[Your instructions] Exactly as written, print out each entry in the data, with no pictures.

Stored data:
***

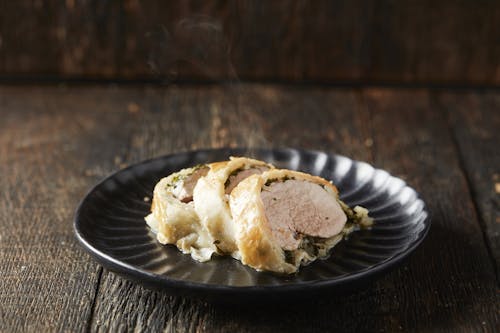 è La viande peut également être saisie avant d'être enveloppée dans la pâte. - Placez la pâte sur une plaque de cuisson avec le papier sulfurisé et mettez-la dans un four préchauffé à 170°C. Laissez cuire pendant au moins 20 minutes. Le filet mignon doit être joliment rosée, avec une température interne entre 57°C et 62°C pour une cuisson parfaite. Retirez du four et coupez délicatement pour préserver la texture croustillante de la pâte feuilletée. Présentez le filet mignon de porc de manière étagée sur une assiette. Bon appétit !
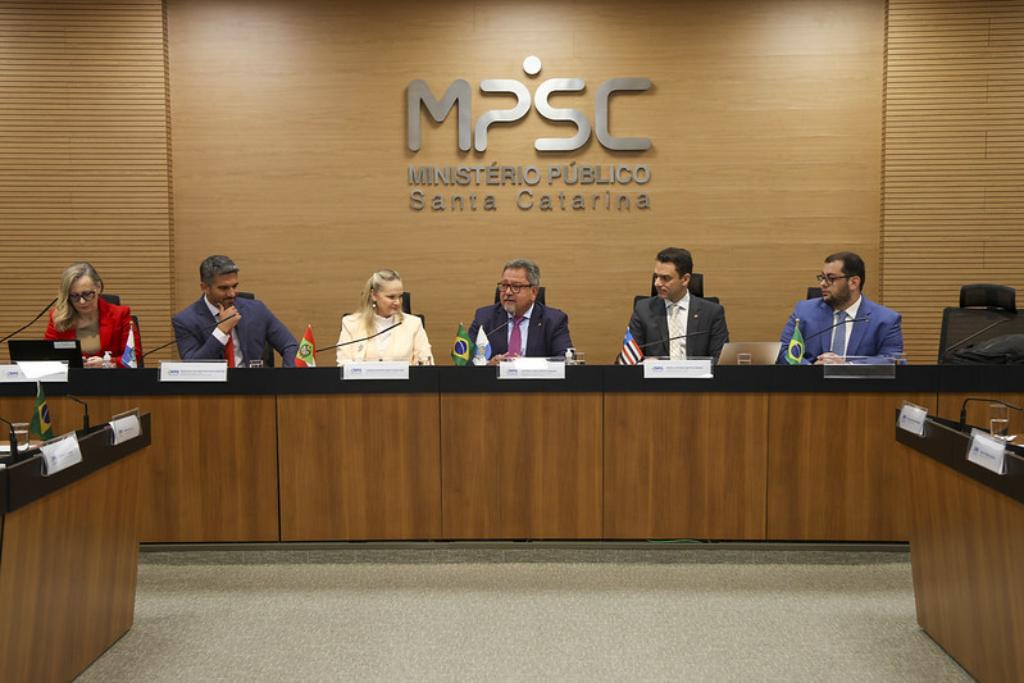 O procurador-geral de Justiça do Ministério Público do Estado do Rio de Janeiro (MPRJ), Antonio José Campos Moreira, presidiu, nesta sexta-feira (08/08), na sede do Ministério Público de Santa Catarina (MPSC), a segunda reunião ordinária do Grupo Nacional de Controle Externo da Atividade Policial do Conselho Nacional de Procuradores-Gerais (GNCEAP/CNPG). O encontro teve como objetivo fortalecer a atuação do Ministério Público nessa área, promovendo o diálogo e a troca de experiências em busca de soluções efetivas para desafios que são comuns às diferentes unidades do MP. Os trabalhos foram conduzidos por Antonio José, com apoio do secretário-executivo do grupo, o promotor de Justiça Francisco Cardoso, coordenador de Inteligência da Investigação (CI2/MPRJ). A anfitriã do evento, a procuradora-geral de Justiça do MPSC, Vanessa Cavallazzi, participou da abertura do evento.
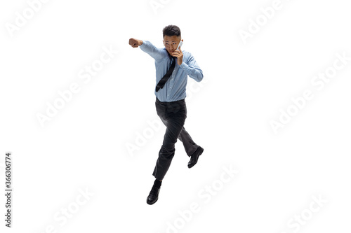 Strong. Man in office clothes practicing taekwondo on white background like professional player, sportsman. Unusual look for businessman in motion, action with ball. Sport, healthy lifestyle
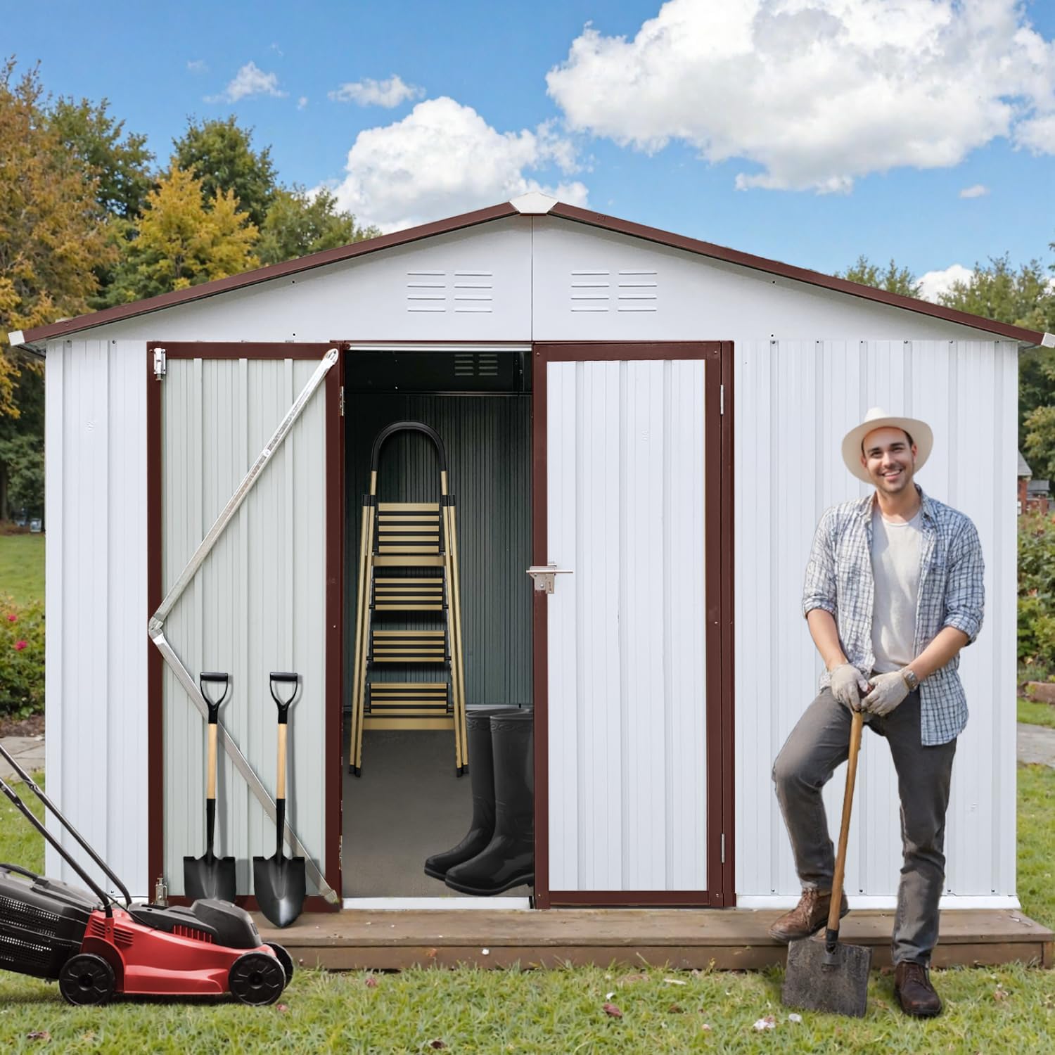 - đłăVersatile Outdoor Storageă Maximize your outdoor space with this versatile metal shed, ideal for patios, backyards, gardens, or lawns. Its spacious, well-designed interior accommodates lawnmowers, gardening tools, seasonal decorations, bicycles, or even serves as a secure hobby workshop. This casita de patio keeps your belongings organized and protected from the elements, providing a flexible solution to maintain a tidy and functional outdoor area
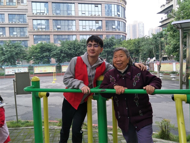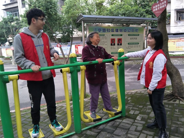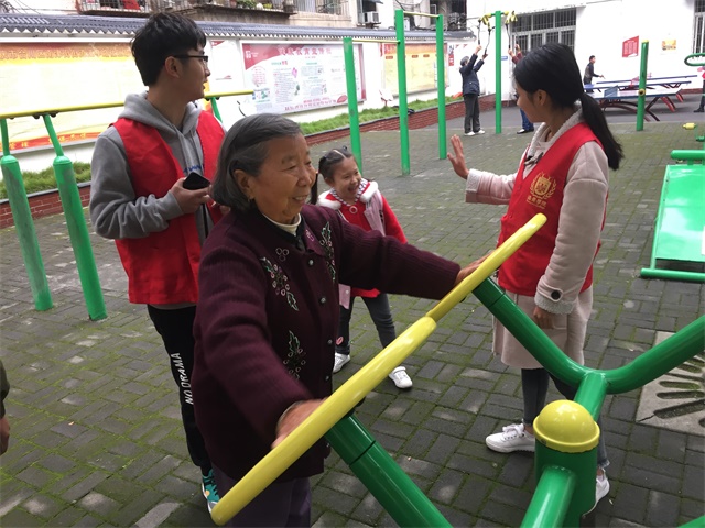 随着国民经济的发展,我国已进入老龄化社会,随之产生这样了一个社会问题,年轻人忙于工作而顾不了家,老人们只能孤单一人留在家里,所以志愿者们带着老人出门进行户外运动,老人抬抬腿、伸伸腰,仿佛又找回年轻时候的意气风发。
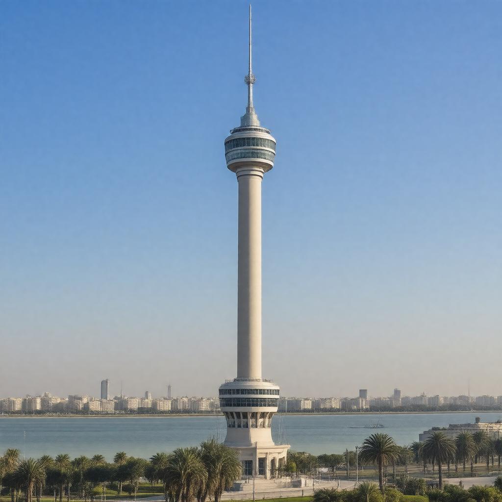 "Generate an image of the Cairo Tower, a 187-meter-tall modernist observation tower located on Gezira Island in Cairo, Egypt, with a distinctive design and a revolving restaurant at the top, set against a clear blue sky with the Nile River flowing in the background."

***

[Reply]
 è La viande peut également être saisie avant d'être enveloppée dans la pâte. - Placez la pâte sur une plaque de cuisson avec le papier sulfurisé et mettez-la dans un four préchauffé à 170°C. Laissez cuire pendant au moins 20 minutes. Le filet mignon doit être joliment rosée, avec une température interne entre 57°C et 62°C pour une cuisson parfaite. Retirez du four et coupez délicatement pour préserver la texture croustillante de la pâte feuilletée. Présentez le filet mignon de porc de manière étagée sur une assiette. Bon appétit !
 O procurador-geral de Justiça do Ministério Público do Estado do Rio de Janeiro (MPRJ), Antonio José Campos Moreira, presidiu, nesta sexta-feira (08/08), na sede do Ministério Público de Santa Catarina (MPSC), a segunda reunião ordinária do Grupo Nacional de Controle Externo da Atividade Policial do Conselho Nacional de Procuradores-Gerais (GNCEAP/CNPG). O encontro teve como objetivo fortalecer a atuação do Ministério Público nessa área, promovendo o diálogo e a troca de experiências em busca de soluções efetivas para desafios que são comuns às diferentes unidades do MP. Os trabalhos foram conduzidos por Antonio José, com apoio do secretário-executivo do grupo, o promotor de Justiça Francisco Cardoso, coordenador de Inteligência da Investigação (CI2/MPRJ). A anfitriã do evento, a procuradora-geral de Justiça do MPSC, Vanessa Cavallazzi, participou da abertura do evento.
 Strong. Man in office clothes practicing taekwondo on white background like professional player, sportsman. Unusual look for businessman in motion, action with ball. Sport, healthy lifestyle
 - đłăVersatile Outdoor Storageă Maximize your outdoor space with this versatile metal shed, ideal for patios, backyards, gardens, or lawns. Its spacious, well-designed interior accommodates lawnmowers, gardening tools, seasonal decorations, bicycles, or even serves as a secure hobby workshop. This casita de patio keeps your belongings organized and protected from the elements, providing a flexible solution to maintain a tidy and functional outdoor area
 随着国民经济的发展,我国已进入老龄化社会,随之产生这样了一个社会问题,年轻人忙于工作而顾不了家,老人们只能孤单一人留在家里,所以志愿者们带着老人出门进行户外运动,老人抬抬腿、伸伸腰,仿佛又找回年轻时候的意气风发。
 "Generate an image of the Cairo Tower, a 187-meter-tall modernist observation tower located on Gezira Island in Cairo, Egypt, with a distinctive design and a revolving restaurant at the top, set against a clear blue sky with the Nile River flowing in the background."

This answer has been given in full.